That is but one example in an album littered with jittery structures. The album as a whole lacks continuity. The thing is, every member in this sextet is a writer and a producer in their own right, hence the experimentation of 'Clear'. So have too many cooks spoilt the broth? It certainly seems that way. Most songs are pulled by the current of a different stylistic opinion or ideas. It seems, on the surface of the finished product at least, that an internal battle for each musician present to stamp their own personality on the record has hampered the record's own personality. That is why this isn't a defining album, not in the way 'Periphery II' launched them to where they perch today, a stone’s throw from selling out massive venues.
But those moments where they do hit the nail bang on the head are well worth a visit. 'Rainbow Gravity', a definite highlight, is boisterously groovy and when they segue from heavy to clean cut, suited and booted melodies they do so smoothly. The solo too, very much classical in their countenance, with sudden bursts of pace sharpening their edge are highly impressive. 'Omega' has some gratifying moments too, but at 11 minutes long, you'd expect some worthwhile substance in which to divulge. '22 Faces'' chorus is massive and as addictive as they come while 'Graveless' does its best to rip open the ground below you and send you tumbling into hell. It is catastrophically impactful, the musicianship simply astounding. A song iced with another catchy chorus, this is the Periphery that so many have come to know and love. This is the Periphery which just isn't apparent enough across this double album. A double album! Quantity, sadly - especially considering the amount of time the band has been working on this - has vastly outweighed the quality. Perhaps they have become too bogged down on this project, the magic of spontaneity not being able to flourish amidst six creative minds meticulously mapping it all out.
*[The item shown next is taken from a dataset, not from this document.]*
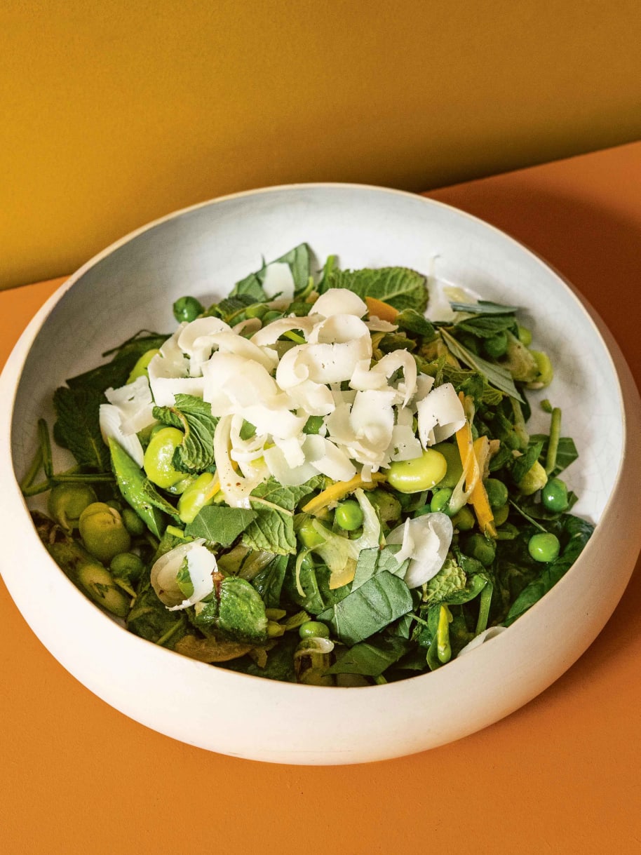 Erbsen, Bohnen, Spargeln und Spinat mit Dressing und eingelegter Zitrone vermengen. Auf Tellern anrichten und mit gehobeltem Pecorino, Minze, Basilikum und Frühlingszwiebelweiss garnieren.

So to repeat, this is not a bad album, but nor is it the album the Periphery faithful - Peripherites? - were hoping for. There are moments of genius across both 'Alpha' and 'Omega', but they are outnumbered by mundane tracks too unsure of themselves to convince you that this band is ready for the big league. It's not a league at all out of their reach; they just need to spend a few more seasons working towards that much sought after promotion.